Kaner Eileen Fs, Beyer Fiona R, Garnett Claire, Crane David, Brown Jamie, Muirhead Colin, Redmore James, O'Donnell Amy, Newham James J, de Vocht Frank, Hickman Matthew, Brown Heather, Maniatopoulos Gregory, Michie Susan
Institute of Health and Society, Newcastle University, Richardson Road, Newcastle upon Tyne, UK, NE2 4AX.
Cochrane Database Syst Rev. 2017 Sep 25;9(9):CD011479. doi: 10.1002/14651858.CD011479.pub2.
Excessive alcohol use contributes significantly to physical and psychological illness, injury and death, and a wide array of social harm in all age groups. A proven strategy for reducing excessive alcohol consumption levels is to offer a brief conversation-based intervention in primary care settings, but more recent technological innovations have enabled people to interact directly via computer, mobile device or smartphone with digital interventions designed to address problem alcohol consumption.
To assess the effectiveness and cost-effectiveness of digital interventions for reducing hazardous and harmful alcohol consumption, alcohol-related problems, or both, in people living in the community, specifically: (i) Are digital interventions more effective and cost-effective than no intervention (or minimal input) controls? (ii) Are digital interventions at least equally effective as face-to-face brief alcohol interventions? (iii) What are the effective component behaviour change techniques (BCTs) of such interventions and their mechanisms of action? (iv) What theories or models have been used in the development and/or evaluation of the intervention? Secondary objectives were (i) to assess whether outcomes differ between trials where the digital intervention targets participants attending health, social care, education or other community-based settings and those where it is offered remotely via the internet or mobile phone platforms; (ii) to specify interventions according to their mode of delivery (e.g. functionality features) and assess the impact of mode of delivery on outcomes.

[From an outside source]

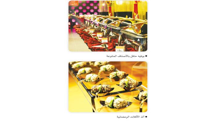 فمع ظهور الهلال الجديد معلناً بداية شهر رمضان الكريم، تبدأ في الوقت نفسه مهمة ممتعة للطهاة العاملين في «زافران» تتمثل في اعداد وتحضير طعام الافطار الشهي يومياً.ويمكن لضيوف ورواد المطعم الاستمتاع بقائمة رائعة لبوفيه الافطار تتضمن تشكيلة متنوعة من الأطباق الساخنة والباردة اللذيذة، والمقبلات، وأنواع الشوربة، والسّلطات الطازجة، وتشكيلة متنوعة من أشهى الحلويات، الى جانب محطات للطهي المباشر أمام الضيوف، مع تقديم المشروبات المتنوعة بما فيها العصائر المرتبطة بشهر رمضان، مع الشاي والقهوة.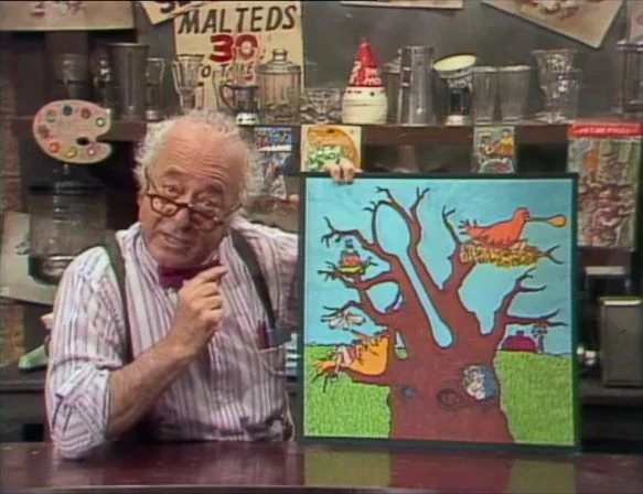SCENE 3 | Mr. Hooper is about to whip up some pancakes at his store when his wooden spoon reminds him of a game. He shows the viewer some pictures, and asks them to find the shape of a spoon hidden in each one. |

We searched CENTRAL, MEDLINE, PsycINFO, CINAHL, ERIC, HTA and Web of Knowledge databases; ClinicalTrials.com and WHO ICTRP trials registers and relevant websites to April 2017. We also checked the reference lists of included trials and relevant systematic reviews.
We included randomised controlled trials (RCTs) that evaluated the effectiveness of digital interventions compared with no intervention or with face-to-face interventions for reducing hazardous or harmful alcohol consumption in people living in the community and reported a measure of alcohol consumption.
We used standard methodological procedures expected by The Cochrane Collaboration.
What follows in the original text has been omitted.